Monday, June 08, 2009

Practice tip: if you're seeking discovery from MediaSentry, know your metadata

For those of you who will be seeking discovery into the MediaSentry "investigation", history has shown that the plaintiffs will try to resist your obtaining anything from MediaSentry other than the printouts they intend to use at the trial.

See, e.g., UMG Recording v. Lindor, in which the stonewalling by the plaintiffs and MediaSentry is palpable.

One of the things you need, which plaintiffs will resist, is metadata.

It would be advisable to familiarize yourself with the recent decision, in the Southern District of New York, in Aguilar v. Immigration, 07 Civ. 8224 (SDNY November 21, 2008), where the Court discusses, in detail, the nature and significance of metadata.

If you are lucky enough to have a tech consultant working with you, you may want to share the decision with him or her, to see if they are in agreement with Magistrate Judge Maas's thoroughgoing treatment of the subject.

November 21, 2008, Decision

Commentary & discussion:

Keywords: lawyer digital copyright law online internet law legal download upload peer to peer p2p file sharing filesharing music movies indie independent label freeculture creative commons pop/rock artists riaa independent mp3 cd favorite songs intellectual property portable music player


Anonymous said...

To this man requesting documents in TIFF format, and databases in "native" format, is incredibly stupid on the part of the plaintiffs.

TIFF files are quite large and essentially unusable in that they are images of entire pages.

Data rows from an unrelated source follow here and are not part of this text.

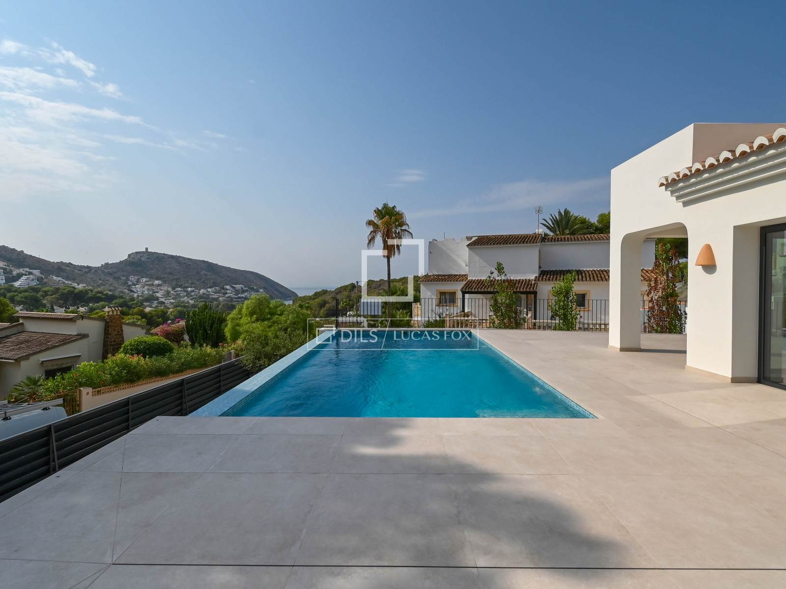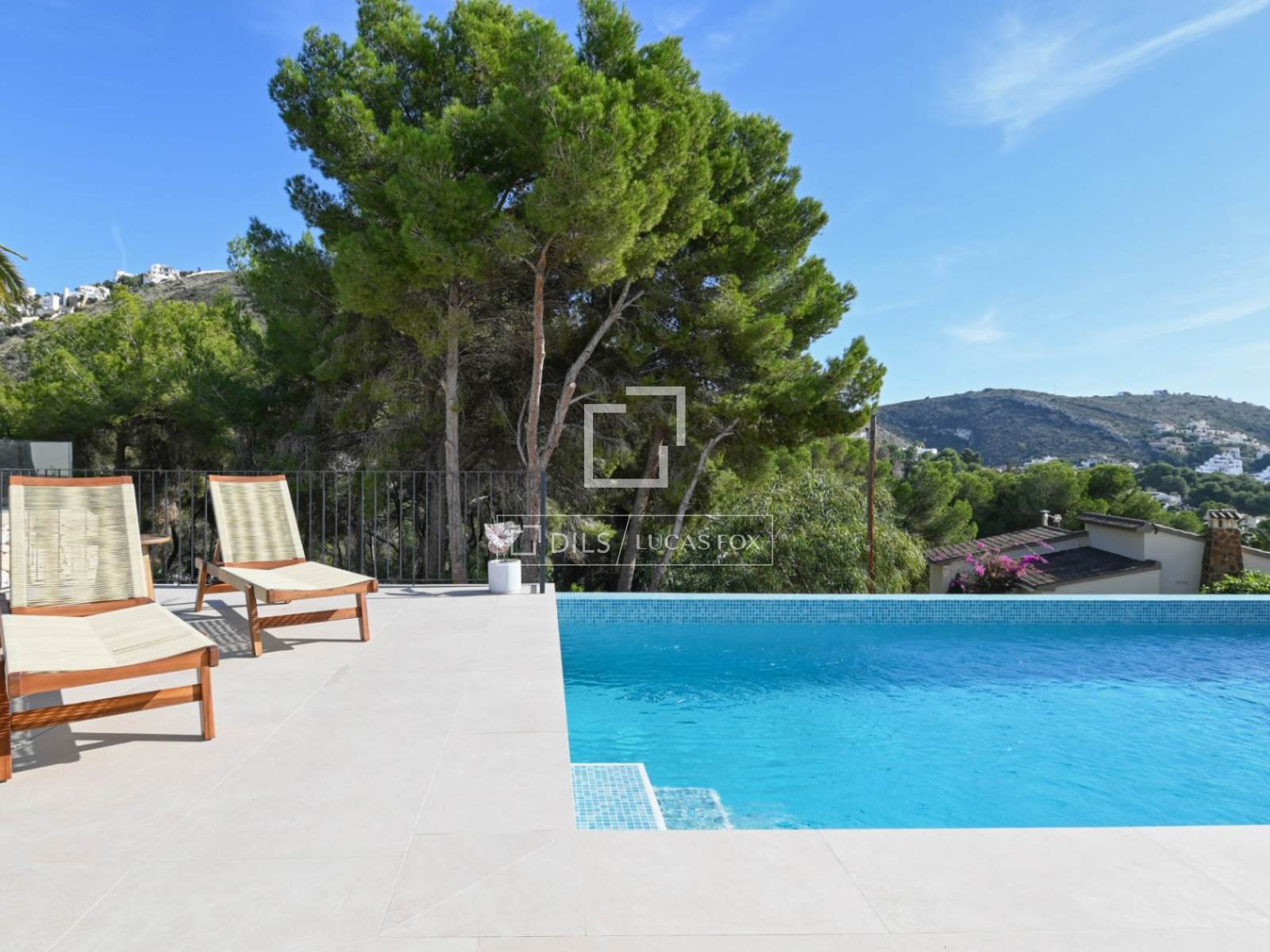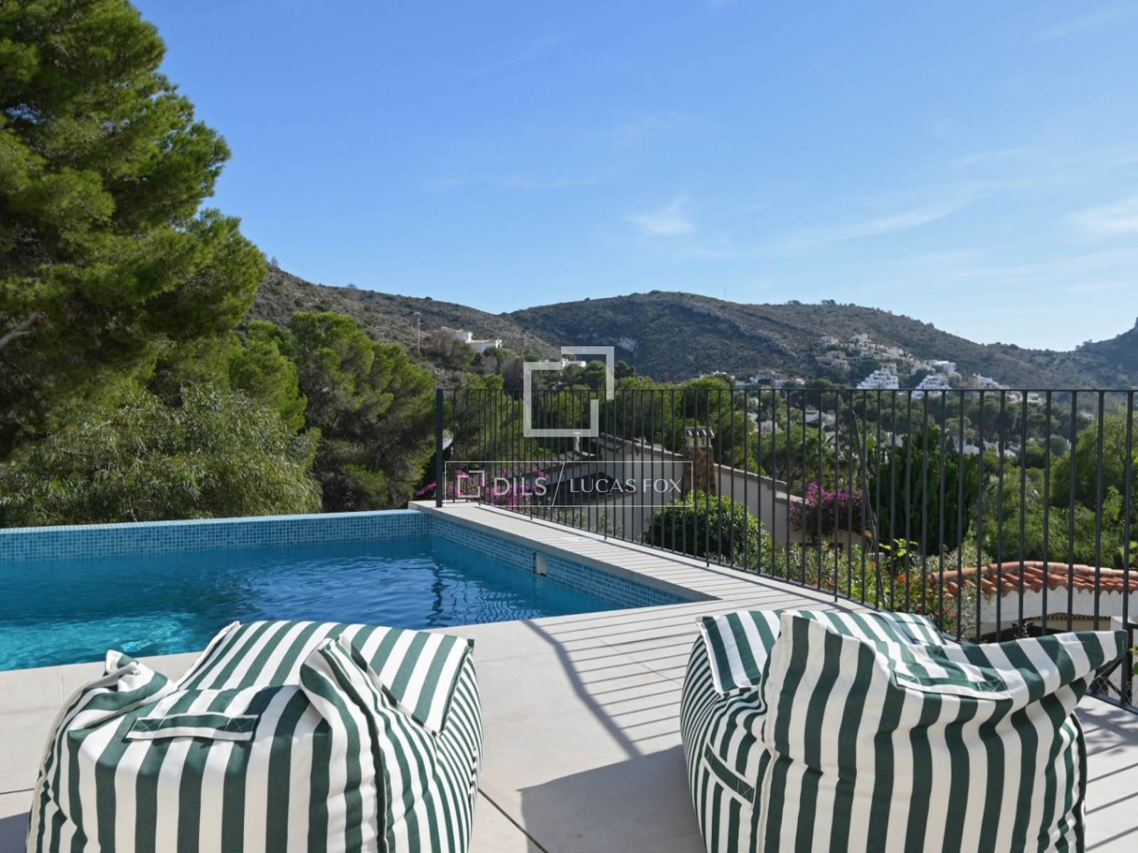 This elegant villa is located in the prestigious and highly sought-after area of El Portet in Moraira. Just 1.2 km from the beach, you can reach this Mediterranean paradise in only 3 minutes by car or a pleasant 15-minute walk.
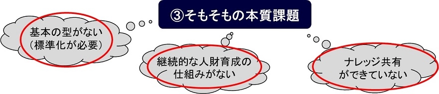 ✖ 「仕事のやり方は属人的で、やるべきことが標準化されていない」ということが、そもそも解決しなければならない本質課題です。
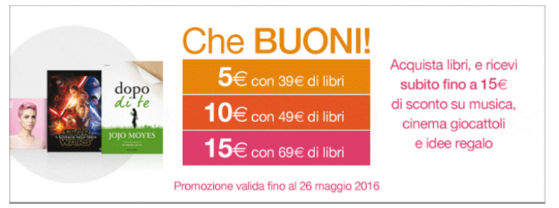 Ottieni uno sconto di 5 euro, 10 euro oppure 15 euro in base alla spesa di libri del tuo carrello, sconto applicabile sugli articoli delle Categorie Musica, Cinema, Idee Regalo e Videogames.
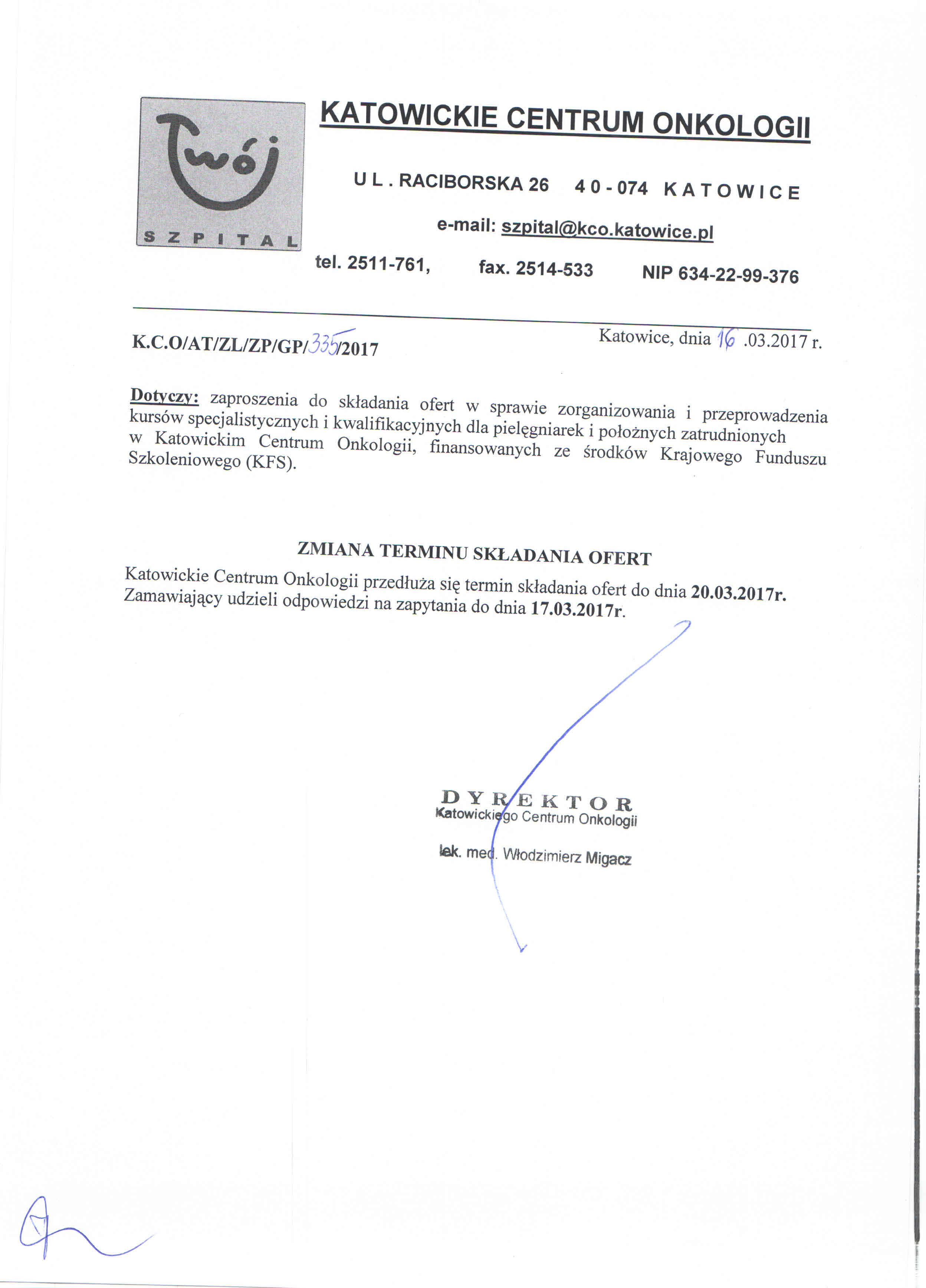 W związku z planowanym zorganizowaniem kursów finansowanych ze środków Krajowego Funduszu Szkoleniowego (KFS), Katowickie Centrum Onkologii zaprasza do składania ofert dotyczących zorganizowania i przeprowadzenia kursów specjalistycznych i kwalifikacyjnych dla pielęgniarek i położnych zatrudnionych w Katowickim Centrum Onkologii.
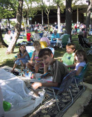 Aunt and Cousins Learning to ride We've had Clair's mum, sister and two nephews to stay. They had a great time, doing lots of shopping and the usual sight-seeing. I had hoped to take them all to a Chicago Bears (American Football) game, but Soldier Field is being redeveloped and they are playing their home games some distance away in Champagne (southern Illinois). Apparently the local University in Chicago had a more than an adequate alternative but they wouldn't allow the sale of alcohol in their stadium. Evidently the Bears felt there would be less rioting by making their fans travel an extra 180 miles than risk denying them a beer during crucial moments in the game. Instead we went to see the Chicago Blackhawks play Ice Hockey. It was quite enjoyable but having watched so much English football I couldn't understand the open brawling which went on (some of it quite prolonged) simply so that the player would be sin-binned and ensuring their team was disadvantaged by one player. As they only seemed to have 6 players per side this was quite a handicap and I couldn't help thinking that scoring the most goals wasn't quite their top priority - or even the sole purpose of the game. Two fights were all Verity (now six) could remember before she fell asleep. I glanced over at her wide eyed expression when it was going on - I suppose two brawling adults must look scary, in a ridiculous sort of way, to a 6 year old. It ended well, as Chicago were behind twice and were drawing 2 - 2 for the last 20 minutes before scoring the winner 6 seconds from the final hooter. The atmosphere was quite good but I couldn't help noticing that all the hooter honking, floor stamping, chanting and cheering had to be carefully choreographed by the announcer (no spontaneity as in English football) but the language was much more restrained. I'm not sure which would be a worse example for our impressionable children - bad language or open brawling. Hallowe'en was a great success with Edward, Verity and their cousins managing to extort several buckets of free booty from our neighbours. They also spent hours recounting, with total amazement, the completely over-the-top decorations on the local mansions. I saw a mansion completely covered in cob webs, witches and ghosts and a black spider the size of an SUV in one garden - as you know SUVs in the US are very big. It does surprise me how serious Hallowe'en is taken here - especially for such a Christian country. One of my passionately atheist friends is constantly bemoaning the fact that it used to be a perfectly good Pagan festival until the Americans trivialised it. There are many opportunities to spend money here on a "Hallmark" (as in the greetings cards) moment. Our secretaries came in with some food recently in celebration of "Boss's Day". I even got a card. Then I realised, with some horror, that if there was a boss's day then there must be a "secretary's day" and that having been here 18 months I must have forgotten it. The next holiday is Thanksgiving, which will ensure we get a Thursday and Friday off in November and much practice eating hideous amounts of Turkey in preparation for Christmas. Taking Clair's mother back to the airport was an interesting experience. Having parked outside the international terminal building (as usual) I carried her bags inside with the expressed intention of returning to the car before it was noticed by an official. Unfortunately Edward decided he needed a drink and disappeared in search of a water fountain. Having finally located him I went back to the car to find a very polite policeman writing out a $50 ticket for a parking violation. I commented that if it was costing me $50 I may as well leave the car where it was. He responded that I could leave it there if I wanted to so I went back inside. You can imagine my irritation at returning 10 minutes later, after waving off Clair's family, to find that they'd towed our car away! Another 30 minutes and $160 later I was left reflecting that Clair's mother's return ticket to Manchester was only $300 (courtesy of Air Lingus) and my 45 minute "valet parking" had cost $210.
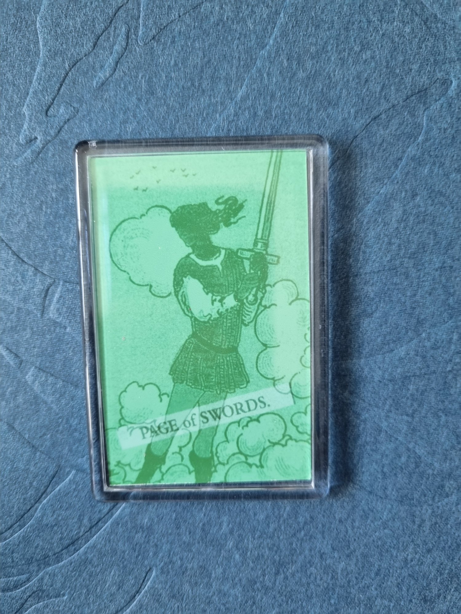 Funky & Stylish 'PAGE OF SWORDS' Tarot Card Fridge Magnet in a green design (5cm - 7.5cm)

Also they are difficult to create and difficult to use.

As for native database files, native files are only useful in the event that you have exactly the same database software running on your own servers as was used to create the database in the first place. Also, any database that exceeds the size of the media used to deliver it (e.g. CDs) is often a real pain to restore properly so that the proper software can then read it.

Metadata, btw for those of you not versed in Information Technology, is best defined as data that describes the data. Meta data might be as simple as a file name (e.g. song.mp3 tells you that perhaps - metadata is not guaranteed to be accurate - that the title of a musical work is "song", and that it's in MPEG Level 3 encoding), or much more descriptive data stored either in the file (like ID3 tags in MP3 files) or in a paired file.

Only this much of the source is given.